Mais qu’est-ce que c’est que ce temps ! Dit Claire ; il pleut des cordes. On m’avait dit qu’en Normandie il ne faisait pas beau, mais alors là, ce n’était pas un mensonge.

 

C’est ainsi que Claire Chazal, journaliste de renom, arriva de la capitale un beau jour de septembre 1900, après un voyage éprouvant en chemin de fer, pour couvrir un évènement de la plus haute importance : l’élection de la meilleure vache laitière de la région normande, qui avait lieu à Caen.    

 

Avec grâce et élégance, la jupe tenue de la main gauche pour éviter les flaques,  et le parapluie de la droite pour conserver à sa coiffure sa savante sophistication, elle s’apprêta à monter dans le fiacre qui la conduirait sur le lieu de l’élection.

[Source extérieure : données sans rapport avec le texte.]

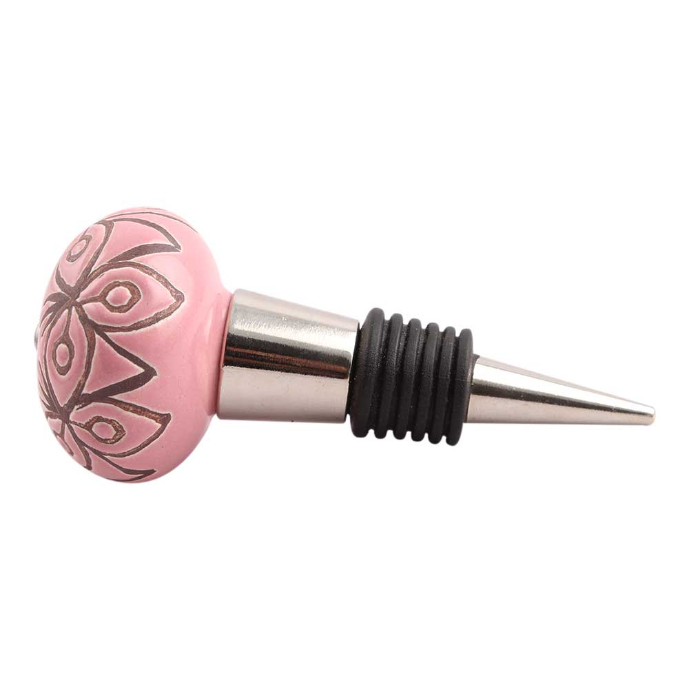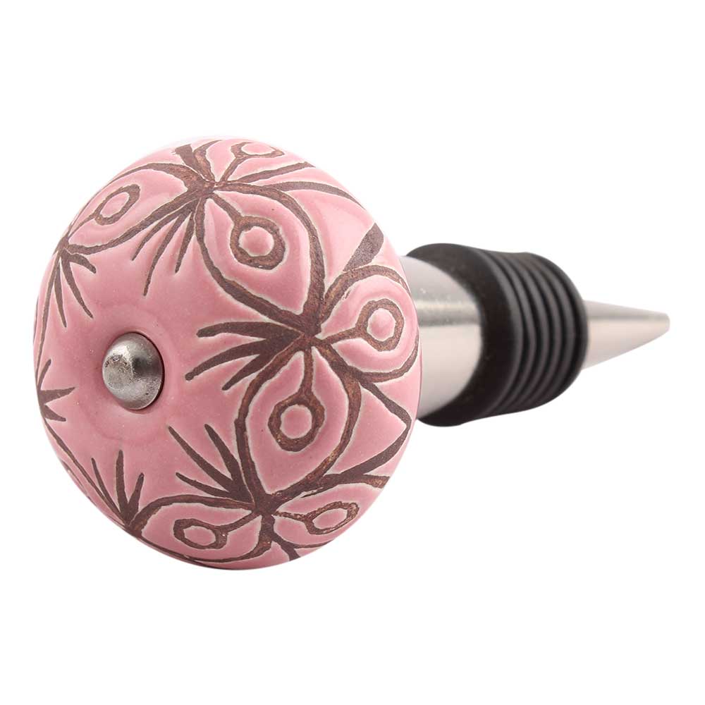 Pink Etched Ceramic Floral Wine Stopper.zinc alloy wine bottle stopper with attractive Jute Bag Packaging.
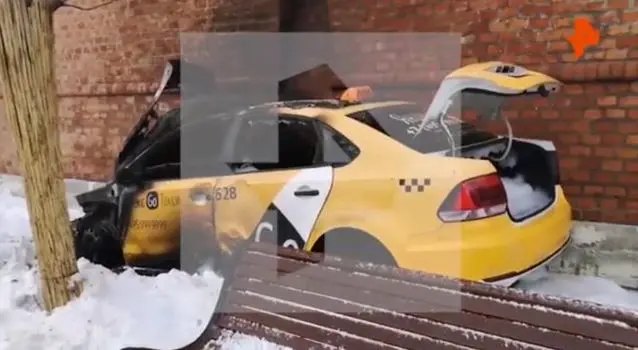 Машина такси врезалась в Китайгородскую стену в центре столицы и загорелась. Кадры с места происшествия опубликовал канал РЕН ТВ.
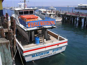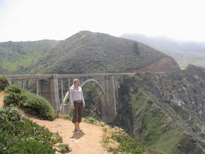 Dort befinden sich, ähnlich wie am Fisherman´s Wharf in San Franzisko am Vortag, diverse Souvenirgeschäfte, Restaurants und sonstige Geschäfte, welche mit Yachting in Zusammenhang stehen. Da die nächste Walbeobachtungstour erst um 13.30 Uhr begann, suchten wir einen anderen Anbieter, wo wir ggf. eine frühere Tour hätten nehmen können. Dem war aber leider nicht so. Deshalb entschlossen wir uns, den Highway One ein Stück in südlicher Richtung zu fahren, um wieder um 13 Uhr am Fisherman´s Wharf in Monterey zu sein. Wir fuhren dazu durch Carmel, dem Ort wo Clint Eastwood mal Bürgermeister war und kamen so auf den landschaftlich interessanten Teil der Küstenstraße Highway 1, welcher sich immer am Pazifik entlang schlängelt. Die ersten Meilen führten noch durch die Ebene, bis wir nach ca. ½ Stunde Fahrt in den hügeligeren Bereich kamen, wo die Straßenführung an der Felssteilküste entlag führt. Wegen der frühen Uhrzeit, war in den höheren Gefilden der Hügel noch Nebel. Wir fuhren die ersten 5 Vista Points an und nutzen diese zu Fotostopps.Von Carmel aus fuhren wir etwa 20 Meilen in Richtung Süden, bis wir etwa 3 Meilen hinter einem großen Brückengebilde wieder drehten, um diesmal rechtzeitig zum Ablegen des Bootes am Pier zu sein. Gegen 12.30 Uhr waren wir wieder am Fisherman´s Wharf, aßen noch ein Stück Pizza in einem Fastfoodrestaurant und kaufen die Karten für die Walbeobachtungsfahrt. |
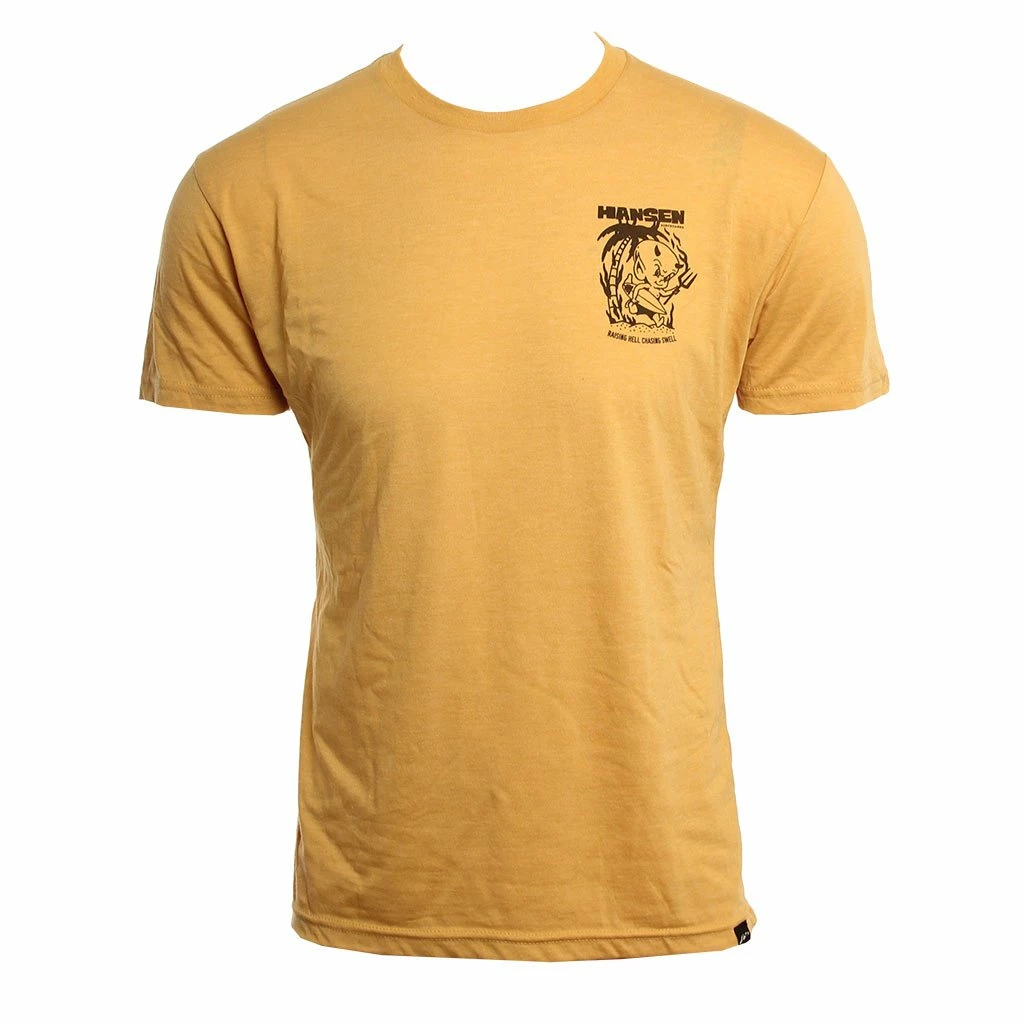 The Mens Surfing Devil shirt is a 50% Polyester 25% Cotton 25% Rayon blend tee with front and back screen print / Mens Shirt Surfing Devil in Golden ( Goo) / X- Large / Cotton/ Polyester / Hansen
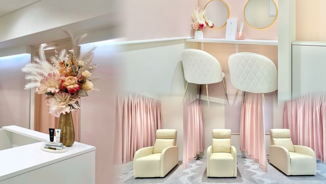 ブランドカラーである 白とピンクを基調とした、清潔感あふれる可愛い店内 が特徴です。
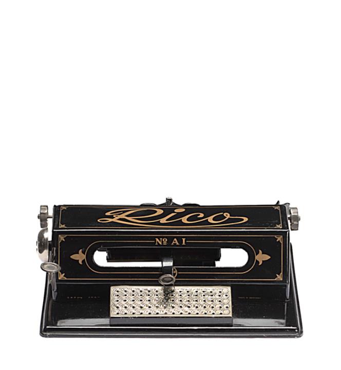Schreibmaschine Rico Modell A1 Eigenschaften: Zeiger, gebogene Typenplatte, Groß-/Kleinbuchstaben, Druckhammeranschlag, Farbbandstreifen (fehlt)
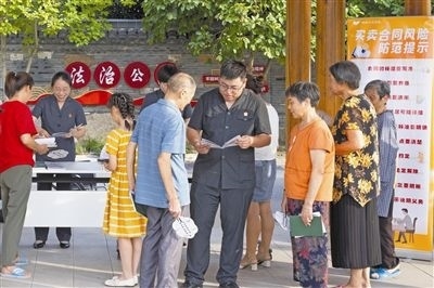 圖⑧:送法入村。圖為楓橋法庭通過設(shè)立“糾紛移動(dòng)普法站”,來到轄區(qū)各村鎮(zhèn)普法宣傳,送上普法小手冊,提醒村民用好法律知識(shí),提前防范各類風(fēng)險(xiǎn)。
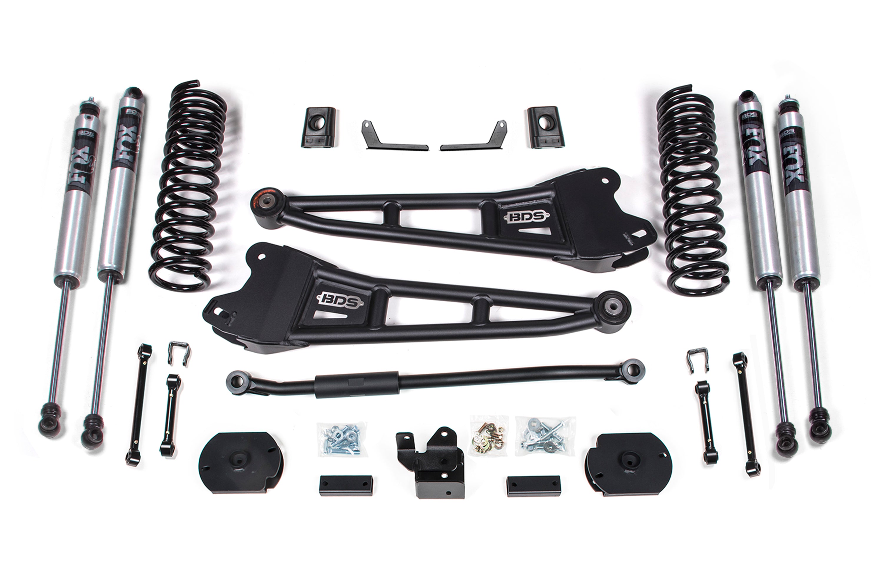 In the rear this kit utilizes a heavy duty air bag spacer brackets, track bar relocation bracket to correct axle positioning, bump stop extensions, and a matching set of NX2 Nitro or FOX 2.0 Performance shocks. BDS also supplies new air ride leveling sensor brackets to re-position the ride height sensors allowing it to perform just like it does at factory ride height and maintain full air bag range of motion.
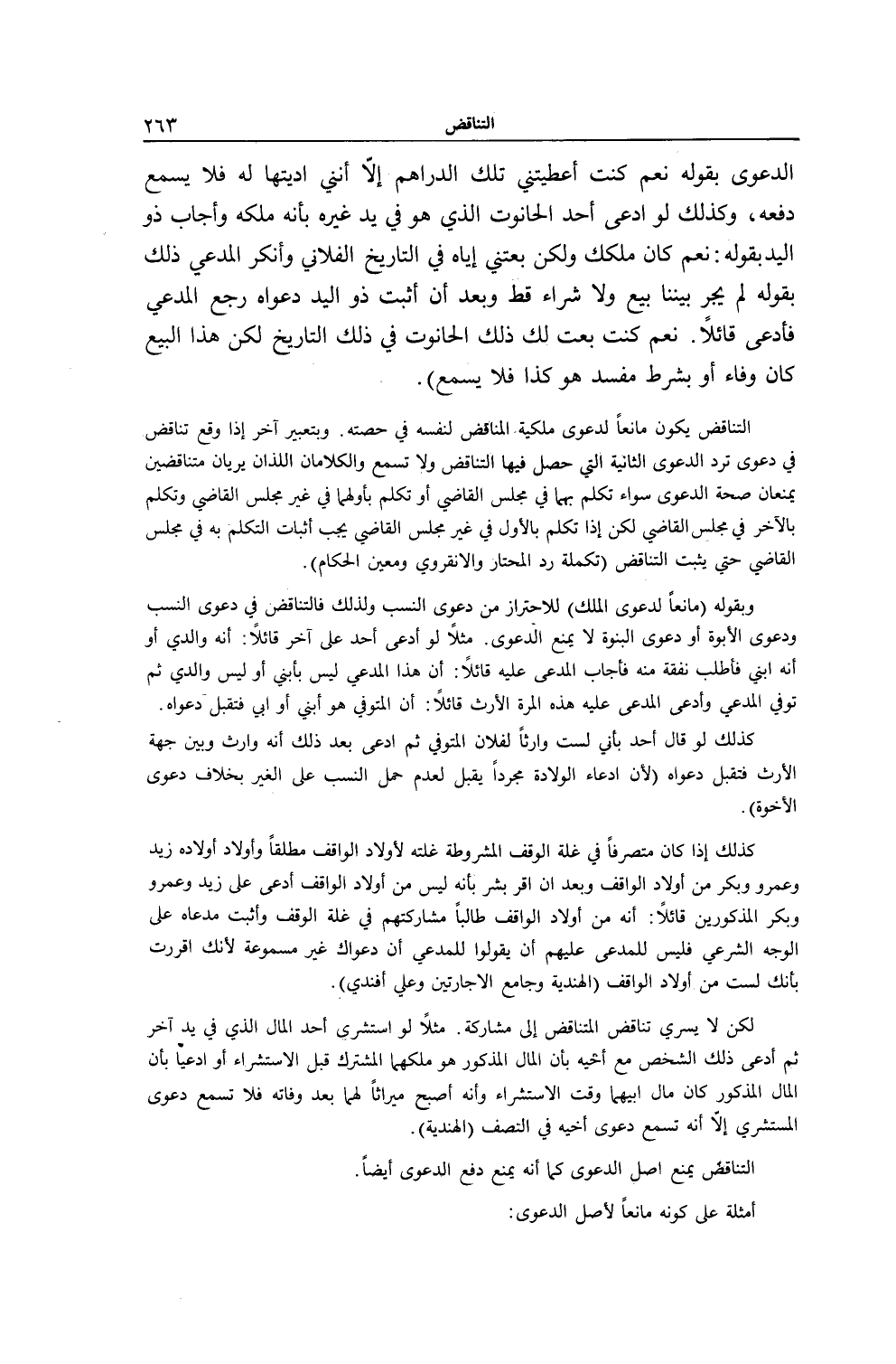 الدَّعْوَى بِقَوْلِهِ نَعَمْ كُنْتَ أَعْطَيْتنِي تِلْكَ الدَّرَاهِمَ إلَّا أَنَّنِي أَدَّيْتُهَا لَهُ فَلَا يُسْمَعُ دَفْعُهُ، وَكَذَلِكَ لَوْ ادَّعَى أَحَدٌ الْحَانُوتَ الَّذِي هُوَ فِي يَدِ غَيْرِهِ بِأَنَّهُ مِلْكُهُ وَأَجَابَ ذُو الْيَدِ بِقَوْلِهِ: نَعَمْ كَانَ مِلْكَك وَلَكِنْ بِعْتنِي إيَّاهُ فِي التَّارِيخِ الْفُلَانِيِّ وَأَنْكَرَ الْمُدَّعِي ذَلِكَ بِقَوْلِهِ لَمْ يَجْرِ بَيْنَنَا بَيْعٌ وَلَا شِرَاءٌ قَطُّ وَبَعْدَ أَنْ أَثْبَتَ ذُو الْيَدِ دَعْوَاهُ رَجَعَ الْمُدَّعِي فَادَّعَى قَائِلًا. نَعَمْ كُنْتُ بِعْت لَك ذَلِكَ الْحَانُوتَ فِي ذَلِكَ التَّارِيخِ لَكِنَّ هَذَا الْبَيْعَ كَانَ وَفَاءً أَوْ بِشَرْطٍ مُفْسِدٍ هُوَ كَذَا فَلَا يُسْمَعُ) . التَّنَاقُضُ يَكُونُ مَانِعًا لِدَعْوَى مِلْكِيَّةِ الْمُنَاقِضِ لِنَفْسِهِ فِي حِصَّتِهِ. وَبِتَعْبِيرٍ آخَرَ إذَا وَقَعَ تَنَاقُضٌ فِي دَعْوَى تُرَدُّ الدَّعْوَى الثَّانِيَةُ الَّتِي حَصَلَ فِيهَا التَّنَاقُضُ وَلَا تُسْمَعُ وَالْكَلَامَانِ اللَّذَانِ يُرَيَانِ مُتَنَاقِضَيْنِ يَمْنَعَانِ صِحَّةَ الدَّعْوَى سَوَاءٌ تَكَلَّمَ بِهِمَا فِي مَجْلِسِ الْقَاضِي أَوْ تَكَلَّمَ بِأَوَّلِهِمَا فِي غَيْرِ مَجْلِسِ الْقَاضِي وَتَكَلَّمَ بِالْآخَرِ فِي مَجْلِسِ الْقَاضِي لَكِنْ إذَا تَكَلَّمَ بِالْأَوَّلِ فِي غَيْرِ مَجْلِسِ الْقَاضِي يَجِبُ إثْبَاتُ التَّكَلُّمِ بِهِ فِي مَجْلِسِ الْقَاضِي حَتَّى يَثْبُتَ التَّنَاقُضُ (تَكْمِلَةُ رَدِّ الْمُحْتَارِ وَالْأَنْقِرْوِيُّ وَمُعِينُ الْحُكَّامِ) . وَبِقَوْلِهِ (مَانِعًا لِدَعْوَى الْمِلْكِ) لِلِاحْتِرَازِ مِنْ دَعْوَى النَّسَبِ وَلِذَلِكَ فَالتَّنَاقُضُ فِي دَعْوَى النَّسَبِ وَدَعْوَى الْأُبُوَّةِ أَوْ دَعْوَى الْبُنُوَّةِ لَا يَمْنَعُ الدَّعْوَى. مَثَلًا لَوْ ادَّعَى أَحَدٌ عَلَى آخَرَ قَائِلًا: إنَّهُ وَالِدِي أَوْ إنَّهُ ابْنِي فَأَطْلُبُ نَفَقَةً مِنْهُ فَأَجَابَ الْمُدَّعَى عَلَيْهِ قَائِلًا: إنَّ هَذَا الْمُدَّعِيَ لَيْسَ بِابْنِي أَوْ لَيْسَ وَالِدِي ثُمَّ تُوُفِّيَ الْمُدَّعِي وَادَّعَى الْمُدَّعَى عَلَيْهِ هَذِهِ الْمَرَّةَ الْإِرْثَ قَائِلًا: إنَّ الْمُتَوَفَّى هُوَ ابْنِي أَوْ أَبِي فَتُقْبَلُ دَعْوَاهُ. كَذَلِكَ لَوْ قَالَ أَحَدٌ بِأَنِّي لَسْت وَارِثًا لِفُلَانٍ الْمُتَوَفَّى ثُمَّ ادَّعَى بَعْدَ ذَلِكَ أَنَّهُ وَارِثٌ وَبَيَّنَ جِهَةَ الْإِرْثِ فَتُقْبَلُ دَعْوَاهُ (لِأَنَّ ادِّعَاءَ الْوِلَادَةِ مُجَرَّدًا يُقْبَلُ لِعَدَمِ حَمْلِ النَّسَبِ عَلَى الْغَيْرِ بِخِلَافِ دَعْوَى الْأُخُوَّةِ) .

En chemin, elle consulta son programme de travail, établi avec le plus grand soin, pour avoir en mémoire le nom de toutes les personnes d’importance qu’elle devait questionner afin d’écrire son article pour le grand journal parisien dont elle était la journaliste vedette : Monsieur le Ministre de l’Agriculture, Monsieur le Maire de Caen, Monsieur le Président de la compagnie des Agriculteurs de Normandie et quelques comparses de moindre importance. Quant à la vache, elle verrait sur place pour pouvoir la décrire avec le plus de détails possible : sa race, sa couleur, son poids, son propriétaire et ses performances ; tout ce qu’elle pouvait en dire maintenant, c’est qu’elle devait être blanche et rousse, ce qui est peu.

 

Mais la voiture arrivait déjà sur la place du concours. Claire pris son miroir, vérifia maquillage et coiffure, pris son parapluie, la pluie étant toujours présente, et sortit, calepin et crayon à la main. Elle se dirigea d’un pas précautionneux, mais assuré cependant, un sourire discret aux lèvres, vers Monsieur le Ministre tandis que la maréchaussée tenait les badauds à distance.